═══ Dataset excerpt

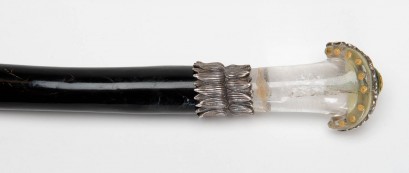 Lot #182 - A rare rock crystal, emerald gold and silver set ebonised walking cane, Indian, 19th Century
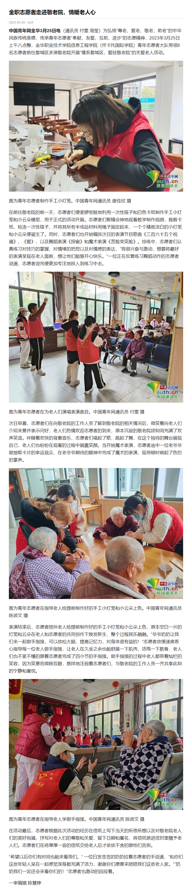 【中国青年网金华】金职志愿者走进敬老院,情暖老人心
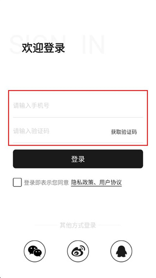 1、打开该软件,进入欢迎登录页面,找到手机号输入框,填写对应的手机号码信息。
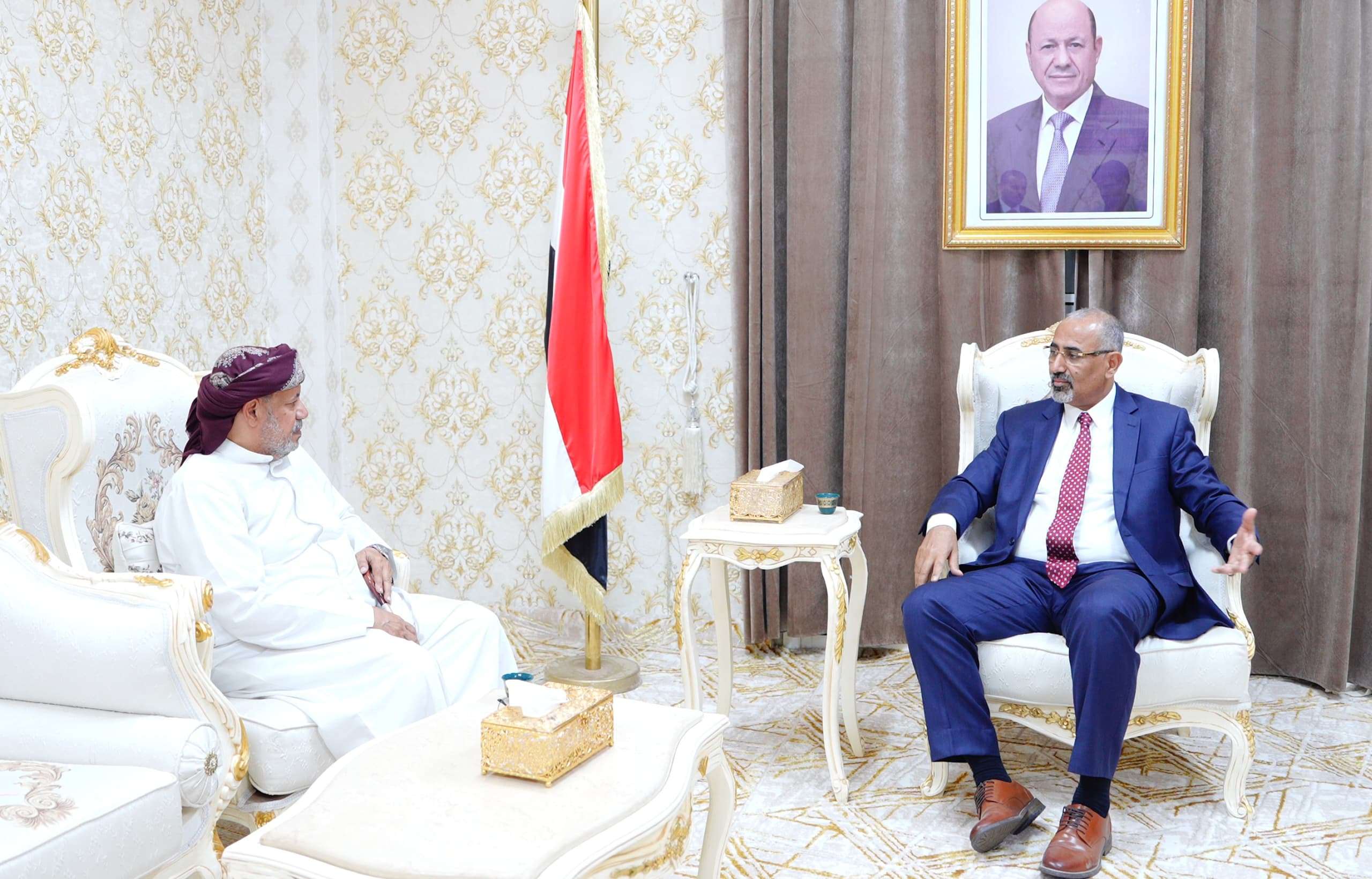 التقى الرئيس القائد عيدروس قاسم الزُبيدي، رئيس المجلس الانتقالي الجنوبي، نائب رئيس مجلس القيادة الرئاسي، مساء اليوم، في القصر الرئاسي المهرة، بالسلطان عبدالله بن عيسى آل عفرار، عضو هيئة رئاسة المجلس الانتقالي الجنوبي، رئيس المجلس العام لأبناء المهرة وسقطرى.

══════

- **What is being asked**: In the printed copy, the material above must appear unchanged and without its pictures.

- **Response box**:
 Lot #182 - A rare rock crystal, emerald gold and silver set ebonised walking cane, Indian, 19th Century
 【中国青年网金华】金职志愿者走进敬老院,情暖老人心
 1、打开该软件,进入欢迎登录页面,找到手机号输入框,填写对应的手机号码信息。
 التقى الرئيس القائد عيدروس قاسم الزُبيدي، رئيس المجلس الانتقالي الجنوبي، نائب رئيس مجلس القيادة الرئاسي، مساء اليوم، في القصر الرئاسي المهرة، بالسلطان عبدالله بن عيسى آل عفرار، عضو هيئة رئاسة المجلس الانتقالي الجنوبي، رئيس المجلس العام لأبناء المهرة وسقطرى.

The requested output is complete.